Follow, converse, retweet. Use Twitter’s lack of barriers to get noticed by hiring managers, says Tamera Rousseau-Vesta of the networking-infrastructure company Entera-sys, which recruited for a position exclusively on Twitter. Follow potential employers (wow them with a great bio so they’ll follow you, too). Then, direct message them to ask for an exploratory interview. If you’re job hunting publicly, retweet (meaning repost) a company’s message or hashtag it in a tweet: Type the number sign (#), followed by the company name, with no spaces in between; this categorizes the tweet and gives the company a public shout-out.
Find a reverse mentor. Millennials have the highest Twitter-use rates of any generation, so don’t be shy about recruiting a twenty-something—via your school alumni organization or a networking site like 85 Broads (85broads.com)—who works in your field to help you find your digital footing. Then you can apply your decades of business expertise to using Twitter effectively, says Christina Vuleta, founder of 40:20 Vision (4020 vision.com), an organization that facilitates mentorship between generations.
Manage first impressions. Your bio is the first thing potential employers will see if they visit your Twitter page to do some reconnaissance. Yours should summarize your skill set and include a professional photo. “Go for three quarters professional and one quarter personal in your bio to give people a three--dimensional view of you as a possible candidate,” says Diane Crompton, chief marketing officer of Iotronics, a company that creates products that help people search for jobs on social media. Hillary Clinton got hers right: “Wife, mom, lawyer, women & kids advocate, FLOAR, FLOTUS, US Senator, SecState, author, dog owner, hair icon, pantsuit aficionado, glass ceiling cracker, TBD...”

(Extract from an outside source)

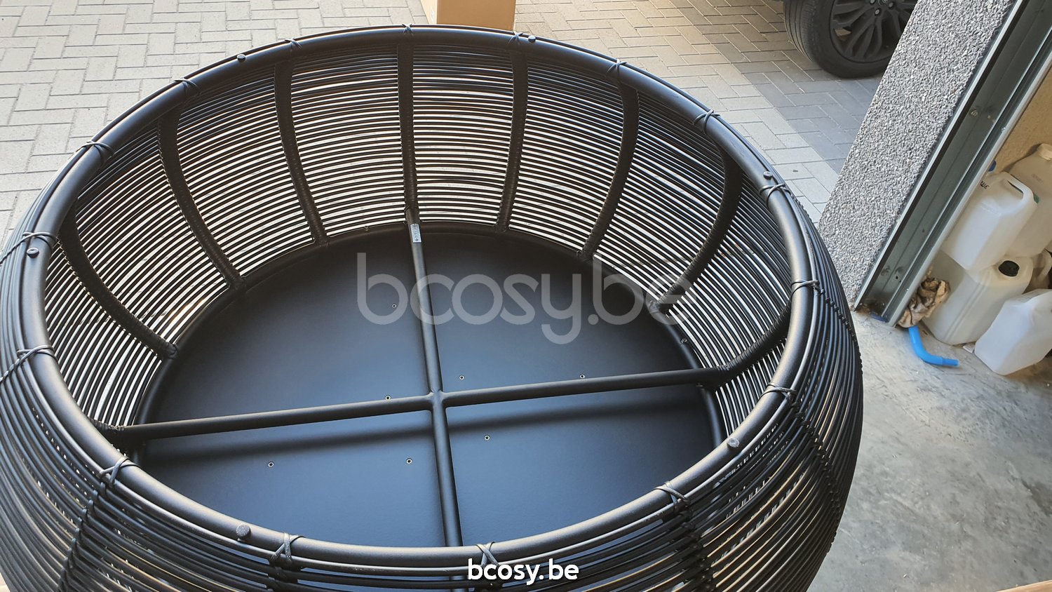 Matériel: Cadre en aluminium avec tressage HDPE et panneau HPL.

When you need a job, create a “twesume.”A résumé in the form of a 140-character tweet, this should contain single-word mentions of your skills and job interests, info on how someone can learn more about you and an assortment of appropriate hashtags, which recruiters can then search to find you. If you’re new to Twitter, your twesume will probably seem like a blur of abbreviations and symbols. Consider signing up for Twesume.com. The site asks you a handful of questions, then generates twesumes with optimal language and hashtags to get you the most traction, according to Klaus Obermeier, CEO of Iotronics and a cofounder of the site (100 twesumes for $30). It will even provide you with a schedule of the best posting times.

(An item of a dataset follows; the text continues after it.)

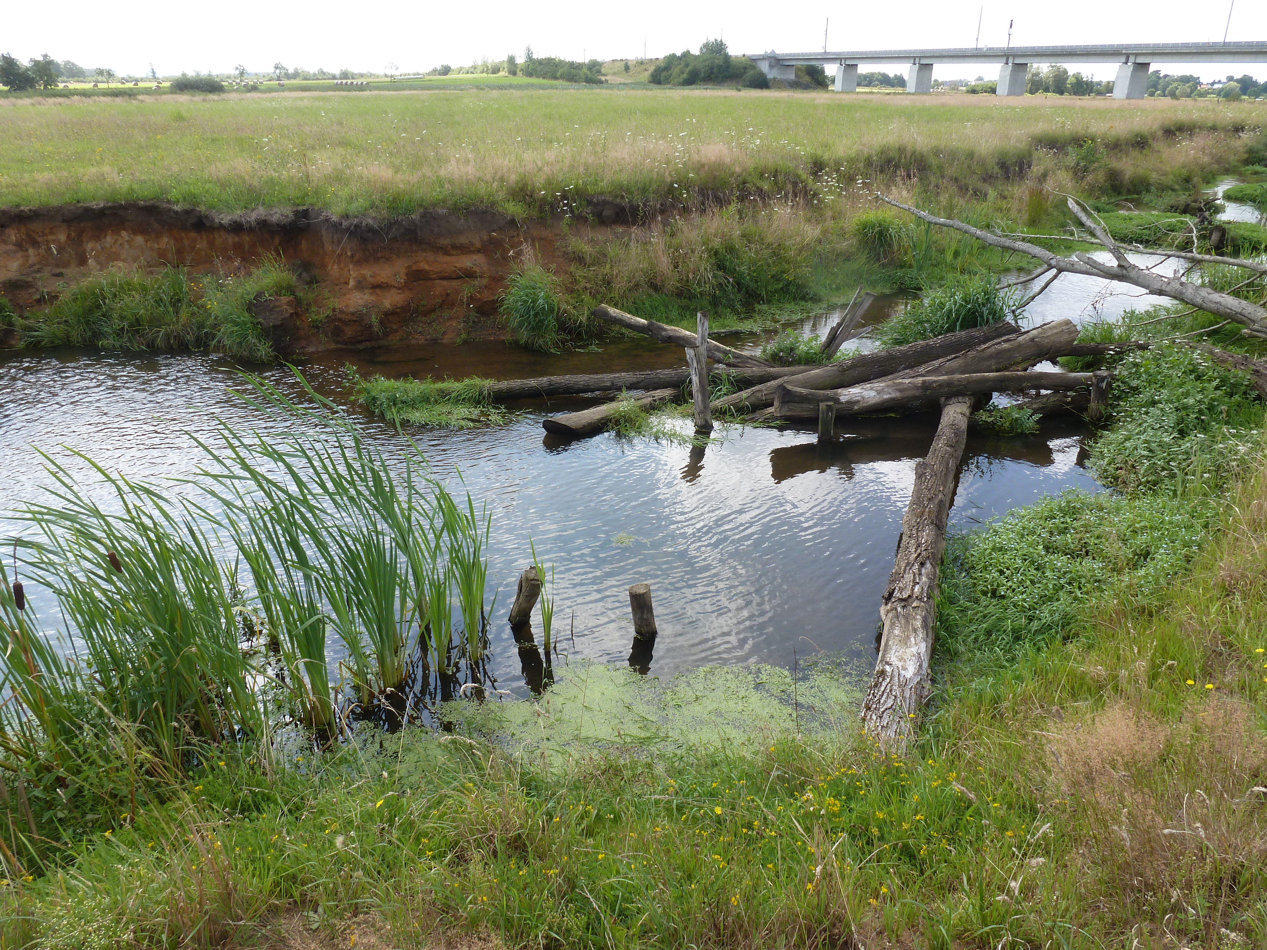 Exemplarisch werden die Monitoringergebnisse einer Entwicklungsmaßnahme am kleinen Fluss Schunter im süd-östlichen Niedersachsen vorgestellt: Die Schunter ist in weiten Teilen ein begradigter, ausgebauter, strukturarmer Tieflandfluss (s. Abb. 1) mit einer entsprechend artenarmen aquatischen Flora und Fauna. Im Jahre 2010/11 wurde in den Stemmwiesen im Landkreis Helmstedt ein rund zwei Kilometer langer Abschnitt mäandrierend in die ursprünglich tiefste Talsohle verlegt, mit variierenden Breiten und Tiefen gestaltet sowie mit Kies und Totholz angereichert (s. Abb. 2). Außerdem wurden in der Aue Stillwasserbereiche geschaffen und an die Schunter angebunden.

Search with hashtags. Keep abreast of job postings and company updates by using the hashtag feature as you would a search engine. Begin by typing the number sign with a corresponding search word—maybe #jobs or #jobsearch. When you do this, you’ll find all other tweets marked with that keyword. Then narrow your search by creating field- and job-specific hashtags (for example, #finance #analyst). Find a directory of popular keywords at hashtags.org.

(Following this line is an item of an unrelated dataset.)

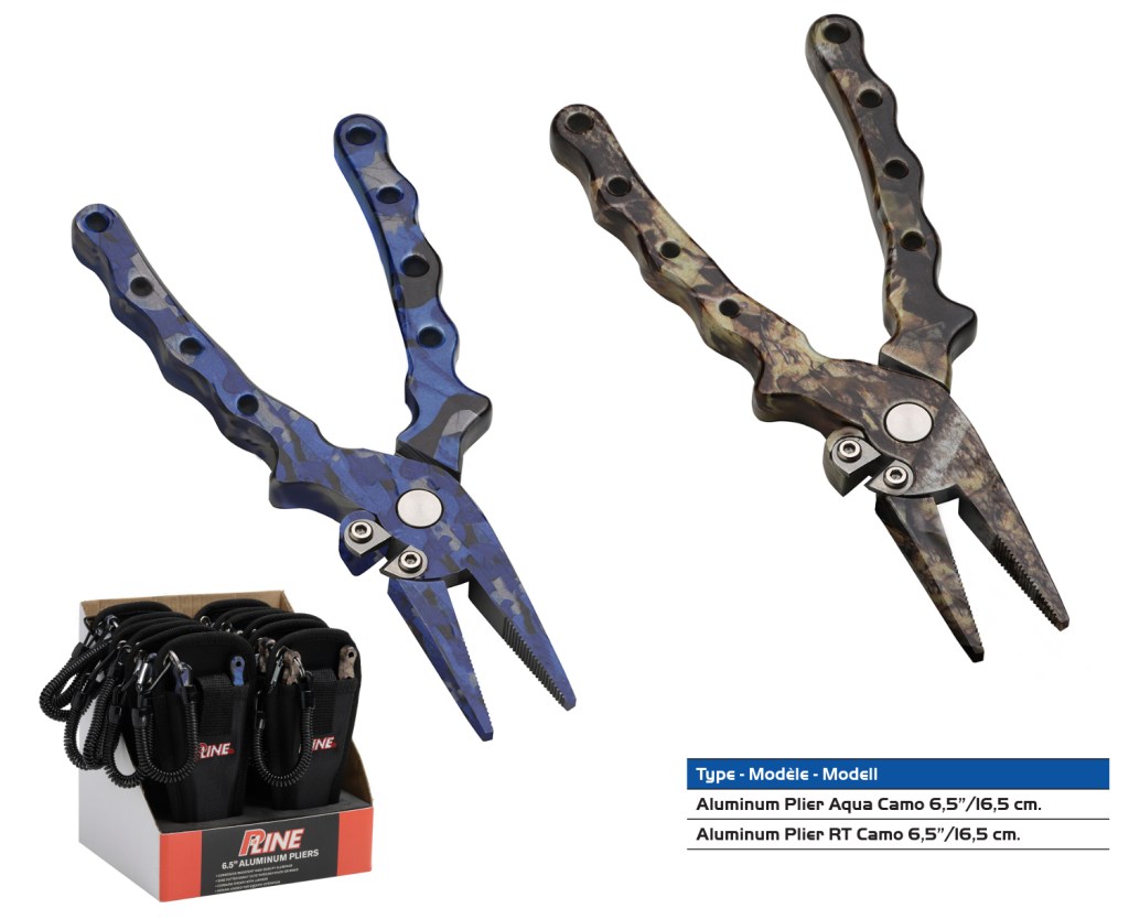 I – Le pinze P-Line Camo sono realizzate in alluminio sagomato con speciali macchine, per ridurre al massimo il peso. Le lame sono in tungsten carbide realizzate appositamente per la treccia e per nylon o fluorocarbon fino a 300 lb. Vengono fornite con una custodia in cordura e un cordino in nylon allungabile, il top per i pescatori di mare e acqua dolce più alla moda!

Film a résumé with Vine, Twitter’s video app. Unemployed journalist Dawn Siff landed a job after creating what may be the world’s first Vine résumé (vine.co/v/b6wx twrwP7P). Her advice: “Be creative, because you only have six seconds to highlight your skills.” She incorporated props and focused on nouns in her nine-word video CV: journalist, strategist, manager, deadline Jedi, idea machine, Dawn Siff.